Given data:
- Opening Delimiter -
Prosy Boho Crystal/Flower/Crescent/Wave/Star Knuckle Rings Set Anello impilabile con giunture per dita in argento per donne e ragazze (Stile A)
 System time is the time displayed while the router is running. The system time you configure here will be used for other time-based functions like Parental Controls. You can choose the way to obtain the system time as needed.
- Closing Delimiter -
- Opening Delimiter -
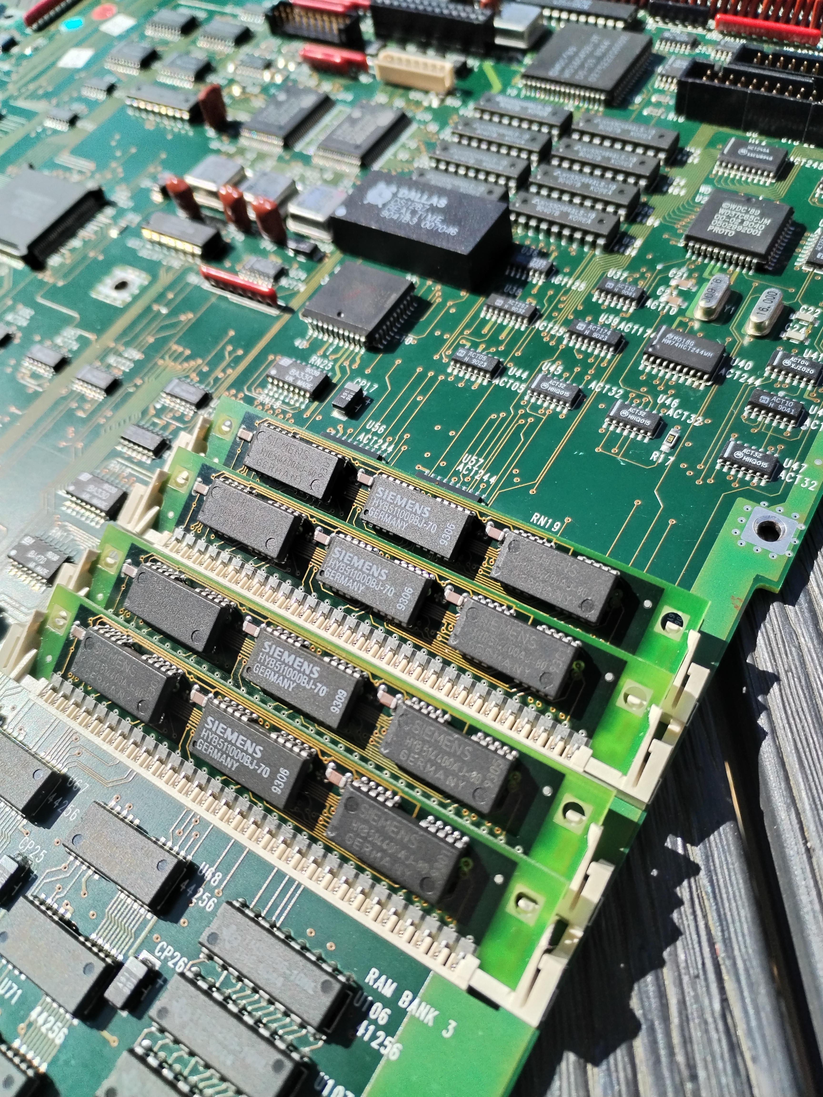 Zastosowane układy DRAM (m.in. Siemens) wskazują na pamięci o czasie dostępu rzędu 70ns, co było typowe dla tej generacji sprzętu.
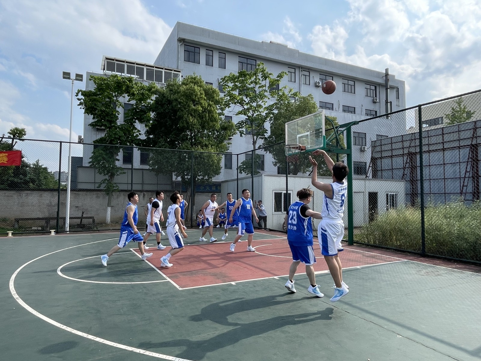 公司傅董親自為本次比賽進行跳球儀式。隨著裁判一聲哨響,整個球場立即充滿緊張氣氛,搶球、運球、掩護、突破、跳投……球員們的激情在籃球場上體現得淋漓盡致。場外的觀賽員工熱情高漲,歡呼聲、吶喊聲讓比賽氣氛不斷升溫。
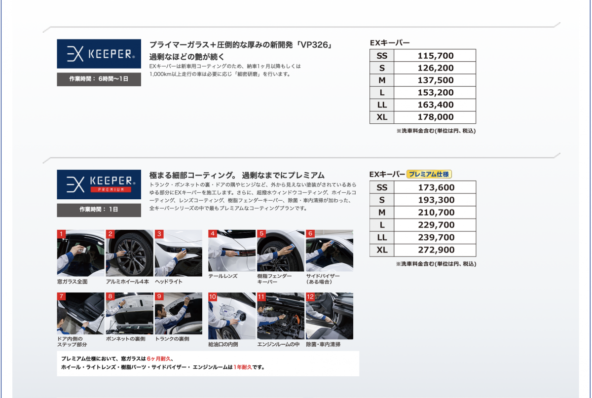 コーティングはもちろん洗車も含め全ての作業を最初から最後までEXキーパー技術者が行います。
- Closing Delimiter -
- Opening Delimiter -
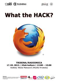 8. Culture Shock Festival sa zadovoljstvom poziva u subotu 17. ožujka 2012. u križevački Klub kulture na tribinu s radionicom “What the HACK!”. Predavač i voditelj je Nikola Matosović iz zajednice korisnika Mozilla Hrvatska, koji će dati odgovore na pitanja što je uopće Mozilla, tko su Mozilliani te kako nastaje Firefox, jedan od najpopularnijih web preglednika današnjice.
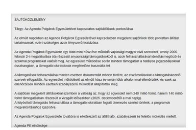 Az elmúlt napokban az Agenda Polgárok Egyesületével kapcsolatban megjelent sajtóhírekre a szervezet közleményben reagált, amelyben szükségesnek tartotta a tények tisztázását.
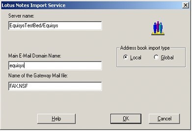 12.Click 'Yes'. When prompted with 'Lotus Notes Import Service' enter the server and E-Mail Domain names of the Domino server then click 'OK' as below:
- Closing Delimiter -
Task item:
Which lines above run from the one containing "Prosy Boho Crystal/Flower/Crescent/Wave/Star" down to the one containing "System time is"? Repeat exactly those, both ends included, and nothing else.

Task response:
Prosy Boho Crystal/Flower/Crescent/Wave/Star Knuckle Rings Set Anello impilabile con giunture per dita in argento per donne e ragazze (Stile A)
 System time is the time displayed while the router is running. The system time you configure here will be used for other time-based functions like Parental Controls. You can choose the way to obtain the system time as needed.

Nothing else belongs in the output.